Inception → Construction → Deploy

Stage 1: Inception
  • Spec Commit Detection
  • requirements.md
  • design.md Validation
Stage 2: Construction
  • AI Code Generation
  • AI Security Scan (Q Dev)
  • AI Code Review
  • Test Execution
  • Loss Function Validation ◀ (Human)
↻ Regenerate on Loss Function Failure
Stage 3: Deploy
  • Container Build
  • ECR Push
  • Kustomize Update
  • Argo CD Auto Deploy
Key Insight
AI/CD measures code quality through Loss Functions, while humans only set quality criteria (thresholds).
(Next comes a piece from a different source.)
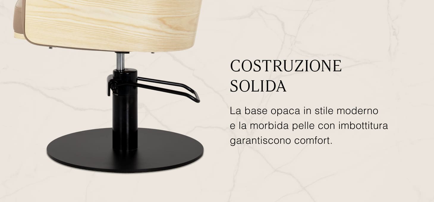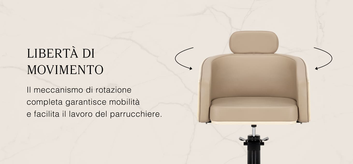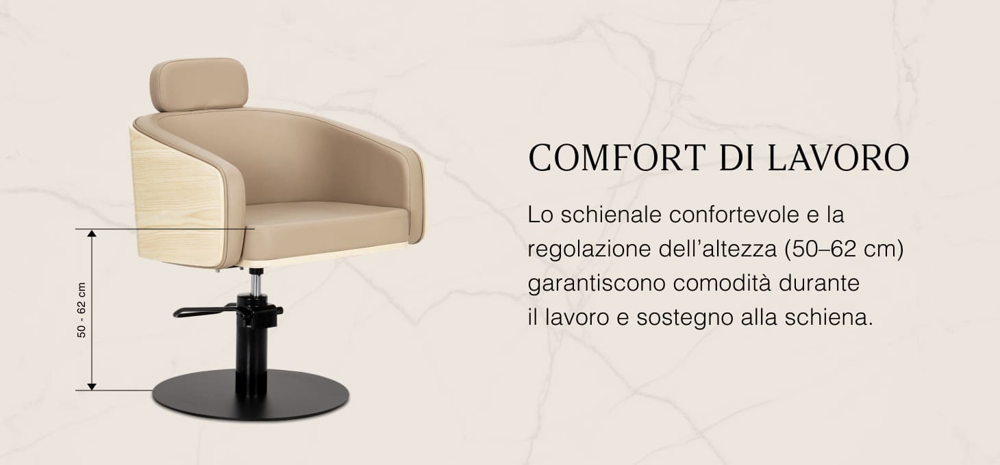 Il sedile imbottito di schiuma offre un elevato comfort anche durante i trattamenti più lunghi. Il meccanismo di rotazione completa aumenta la mobilità e la libertà di movimento, rendendo il lavoro del parrucchiere più fluido, efficiente e meno faticoso. I braccioli supportano la corretta postura del cliente, favorendo una posizione di seduta confortevole e consentendo uno styling e un taglio precisi.

When standards are not met, AI automatically regenerates to achieve continuous quality improvement.

Integration Flow

Core Principles

  1. Declarative: Define all infrastructure, application, and networking configurations in YAML/HCL
  2. GitOps: Use Git as Single Source of Truth
  3. Automation: Minimize manual intervention with Kiro + MCP + Argo CD
  4. Validation: Loss Function catches errors early at each stage

Summary

EKS Capabilities are the core infrastructure for declaratively automating AIDLC's Construction/Operations phases:

  • Managed Argo CD: GitOps-based continuous deployment
  • ACK: Manage AWS resources as K8s CRDs
  • KRO: Orchestrate composite resources as single deployment units
  • Gateway API: Role-separated traffic routing, aligns with AIDLC Loss Function
  • Node Readiness Controller: Declarative node readiness state management
  • IaC MCP Server: AI-based IaC code validation and troubleshooting

These tools form the complete pipeline where Kiro-generated code deploys the entire stack with a single Git push, and AI Agents automatically monitor and respond in the Operations phase.